Im Zentrum des Seminars stehen mittelalterliche Schilderungen des Sammelns und Präsentierens konkreter staunenswerter Objekte und fremdartiger Wesen. Seit dem Hochmittelalter handeln narrative Texte von der Zusammenstellung außergewöhnlicher Exponate, welche Faszination und Verwunderung von Figuren und zeitgenössischen wie modernen Rezipierenden gleichermaßen auf sich ziehen: Beispielsweise im Alexanderroman oder in der Erzähltradition zum Herzog Ernst, aber auch in anderen narrativen Zusammenhängen werden Mirabilien zusammengestellt, in eigens dafür vorgesehenen Räumen gezeigt und auf diese Weise miteinander verknüpft.

Transmedialen und transdisziplinären Perspektiven auf diese erzählten akkumulierenden Praktiken wird im Seminar besonderes Interesse zukommen: Die jüngere museumswissenschaftliche Forschung hebt hervor, dass konkreten Sammlungen und Ausstellungen eine narrative Dimension eigen ist. Damit erhält die Frage nach dem textuellen Umfeld konkreter Sammlungen und Ausstellungen besondere Aufmerksamkeit, und es eröffnet sich überdies die Möglichkeit, die narrativen Dimensionen von Sammlungen in unterschiedlichen Medien (etwa in konkreten Sammlungen, visuell repräsentierten Sammlungen und in Sammlungen in textueller Form) aufeinander zu beziehen. Schriftliche Überlieferungen, z. B. antike und mittelalterliche Darstellungen von Mirabilien, stellen nicht nur im allgemeinen Sinne kulturelles Wissen zur Verfügung, auf das Sammlungen des Mittelalters aufbauen können. Vielmehr steht zu vermuten, dass auch ihre Erzählformen die Formen der Verknüpfung von Exponaten beeinflussen, die in konkreten Sammlungen und Ausstellungen vorgenommen werden. Vor diesem Hintergrund werden wir untersuchen, welche Formen des Erzählens, mithin des Verknüpfens von präsentierten Objekten, erzählte Sammlungen aufweisen und wie die erzählten Räume beschaffen sind, in denen Exponate bewahrt, präsentiert und bestaunt werden.

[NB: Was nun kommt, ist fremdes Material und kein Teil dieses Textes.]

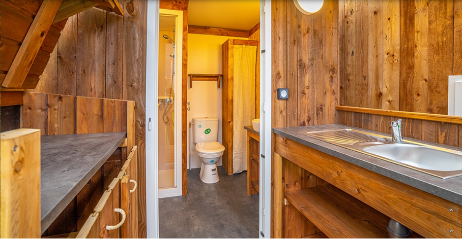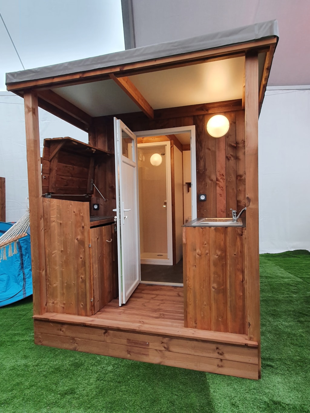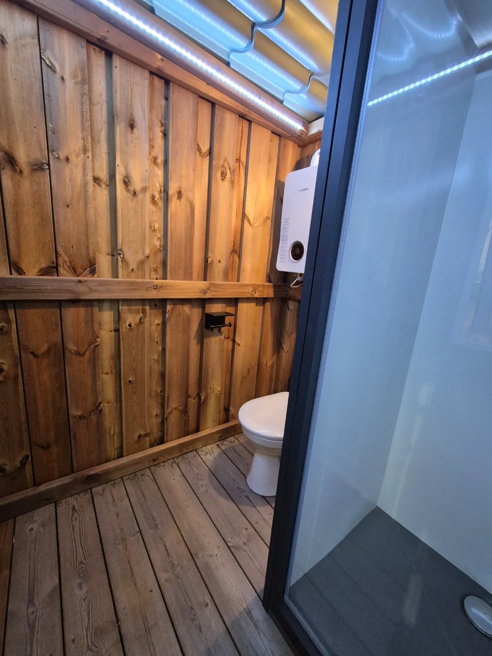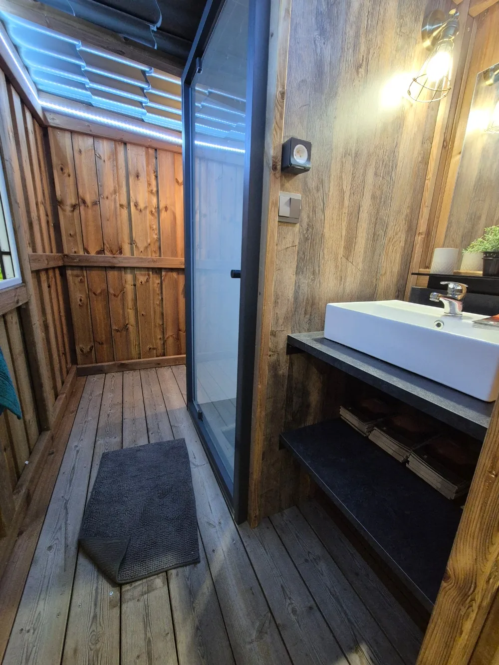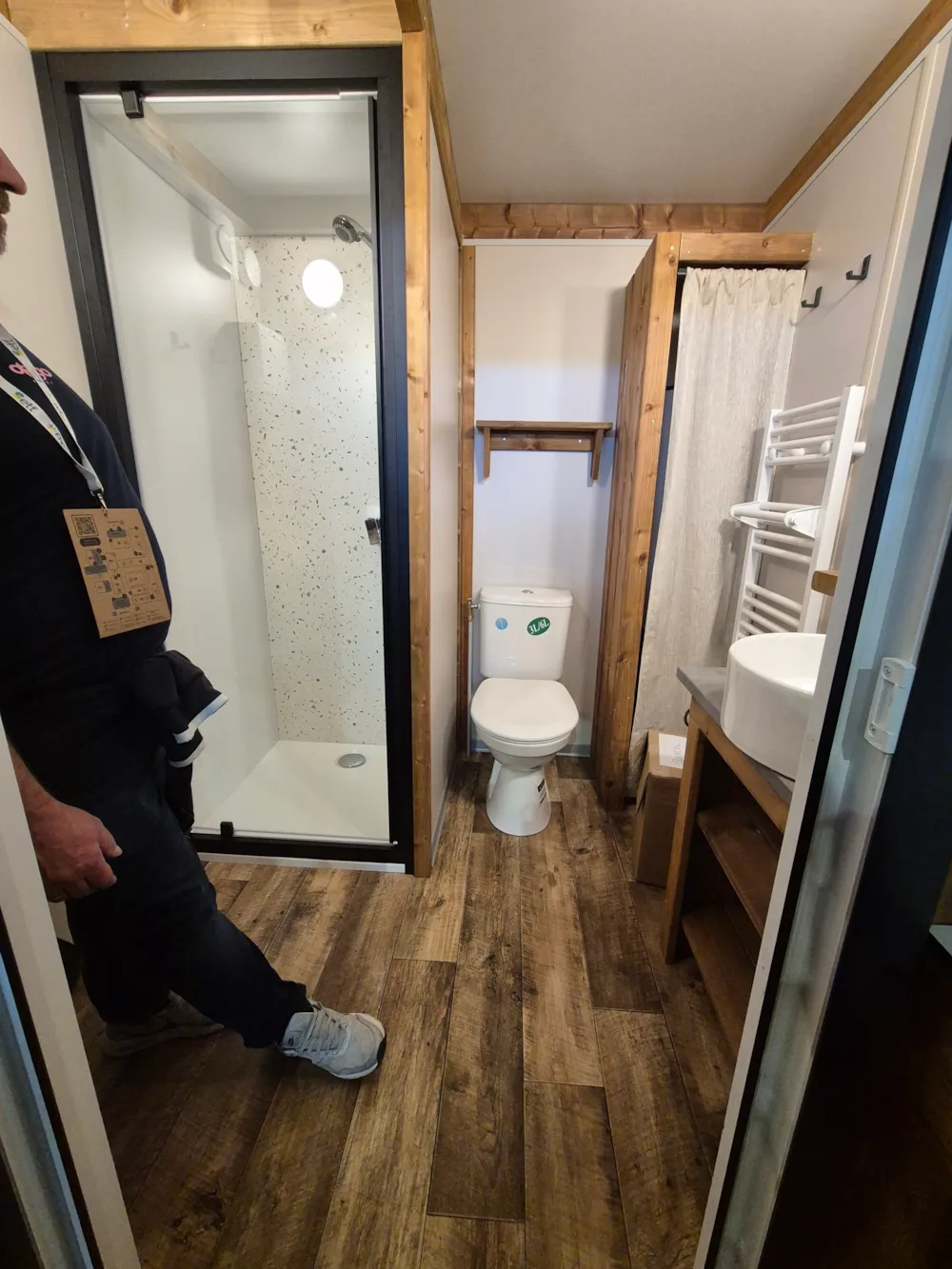 Entdecken Sie unsere Stellplätze mit eigenem, 4 m² großen Holzbad, ausgestattet mit Waschbecken, 80x80 cm großer Dusche, WC und Handtuchwärmer für optimalen Komfort.

Im Seminar werden zunächst Begriffe wie Schatzkammer, Wunderkammer, Museum, Sammlung und Ausstellung thematisiert sowie die Phänomene, die seit dem Mittelalter mit diesen Begriffen bezeichnet werden können. Anschließend wird es um die narrativen Aspekte gehen, die konkrete Sammlungen und Ausstellungen auszeichnen. Nach diesen Vorklärungen stehen erzählte Sammlungen in mittelalterlichen literarischen Texten im Zentrum des Interesses. Beispiele aus der frühneuzeitlichen und der modernen Literatur werden das Seminarprogramm ergänzen.

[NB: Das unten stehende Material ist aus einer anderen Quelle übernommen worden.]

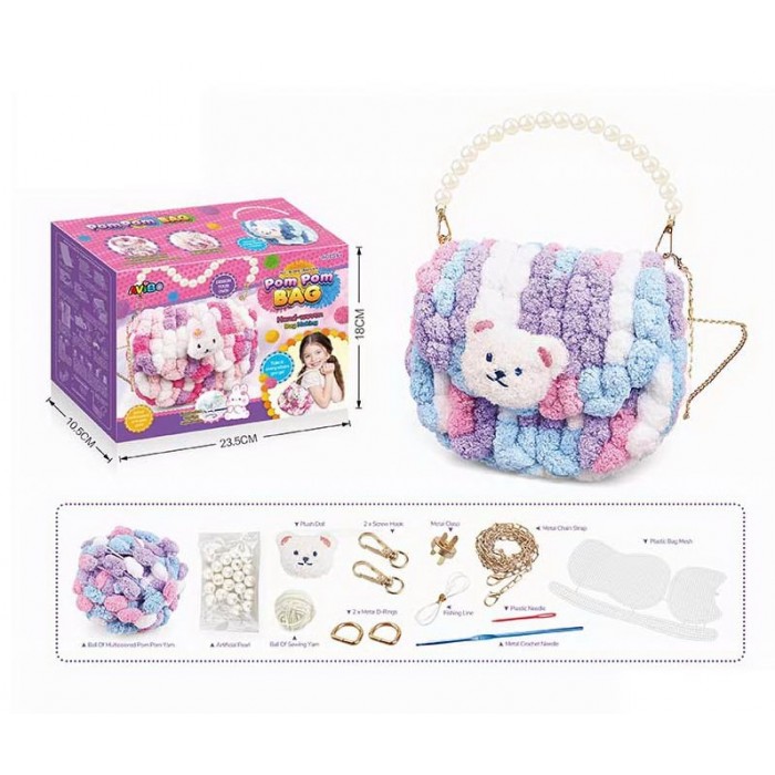 Набір для творчості дозволяє створити стильну та оригінальну сумку з м'яких помпонів. У комплект входять основа для сумки, нитки, фігурка тваринки, намистини, металевий ланцюжок, а також гачок і голка для зручного складання. В асортименті шість різних дизайнів, кожен із унікальною кольоровою гамою та декором. Така сумка стане чудовим аксесуаром для дитини або приємним подарунком, який можна зробити власноруч.

Die zentralen Arbeitsformen des Seminars sind Impulsreferate und ausführliche Diskussionen der Primär- und Forschungstexte im Plenum. Abgabetermin für Hausarbeiten in diesem Kurs ist Freitag, der 01.09.2023.

 

Als einführende Lektüre wird empfohlen: Jutta Eming und Marina Münkler: [Einleitung] Wunderkammern – Materialität, Narrativik und Institutionalisierung von Wissen, in: Wunderkammern. Materialität, Narrativik und Institutionalisierung von Wissen, hg. v. dens., Falk Quenstedt und Martin Sablotny, Wiesbaden 2022, S. 1–18.